● Requirement
Directions for the data below: repeat exactly the lines from the one with "第5届上海市高校跨文化能力大赛上外贤达校赛说明" through the one with "Dynamics of forest", both included, and omit all pictures.

● Excerpted records
BEGIN

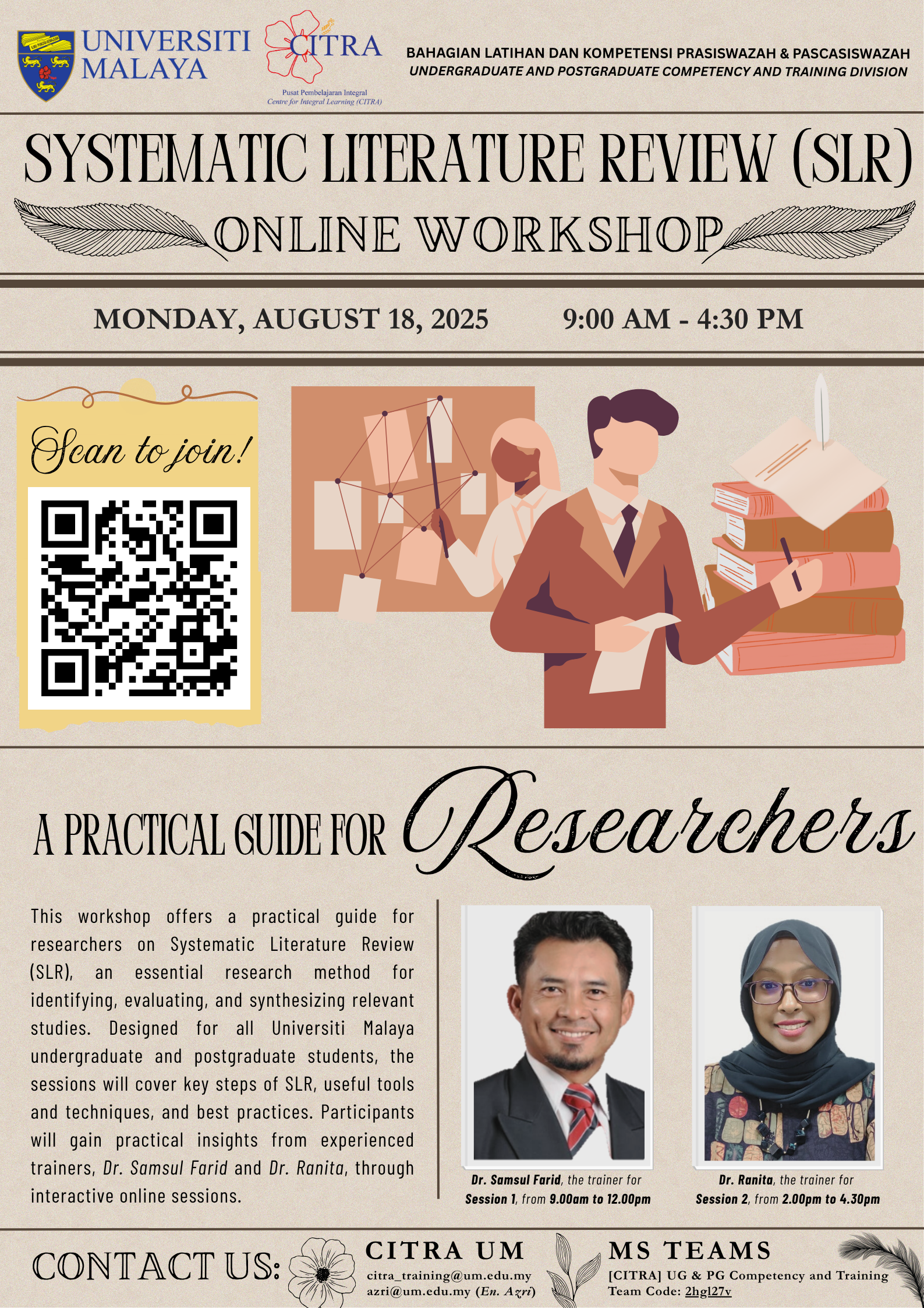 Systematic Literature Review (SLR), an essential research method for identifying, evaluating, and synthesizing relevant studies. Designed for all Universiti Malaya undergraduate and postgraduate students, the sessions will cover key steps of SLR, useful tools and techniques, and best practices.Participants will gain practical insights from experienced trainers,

END
BEGIN

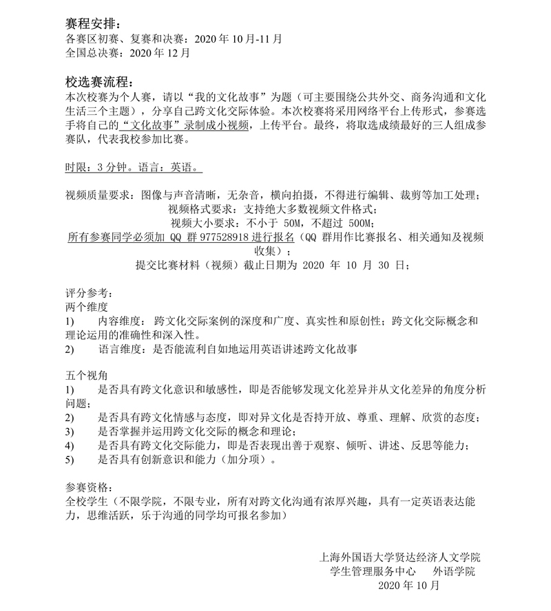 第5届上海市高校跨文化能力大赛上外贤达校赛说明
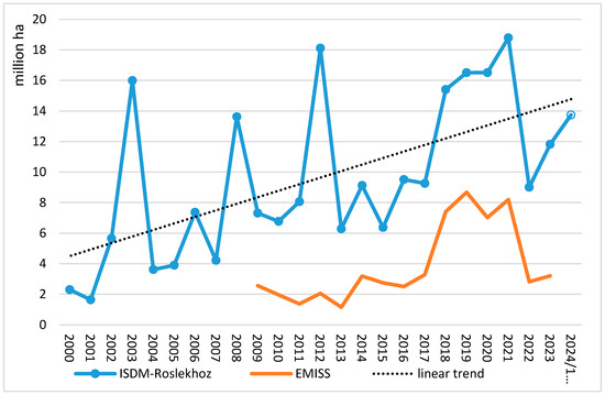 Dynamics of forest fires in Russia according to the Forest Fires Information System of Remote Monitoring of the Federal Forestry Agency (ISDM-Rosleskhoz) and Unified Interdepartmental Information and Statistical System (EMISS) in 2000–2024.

END
BEGIN

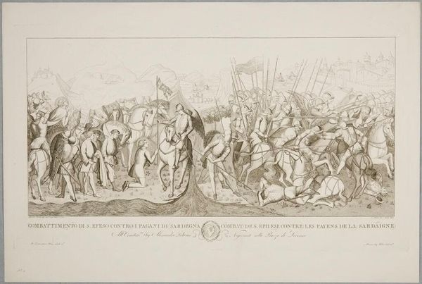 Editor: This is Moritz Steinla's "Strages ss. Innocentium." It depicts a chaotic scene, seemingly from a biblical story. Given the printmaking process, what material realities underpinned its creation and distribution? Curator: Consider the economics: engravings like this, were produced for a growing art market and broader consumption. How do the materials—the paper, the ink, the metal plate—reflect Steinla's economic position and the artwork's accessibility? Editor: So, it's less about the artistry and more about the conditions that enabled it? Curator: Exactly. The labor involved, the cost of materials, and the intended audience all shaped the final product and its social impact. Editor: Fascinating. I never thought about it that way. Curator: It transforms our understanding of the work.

END

● Result of the exercise
 第5届上海市高校跨文化能力大赛上外贤达校赛说明
 Dynamics of forest fires in Russia according to the Forest Fires Information System of Remote Monitoring of the Federal Forestry Agency (ISDM-Rosleskhoz) and Unified Interdepartmental Information and Statistical System (EMISS) in 2000–2024.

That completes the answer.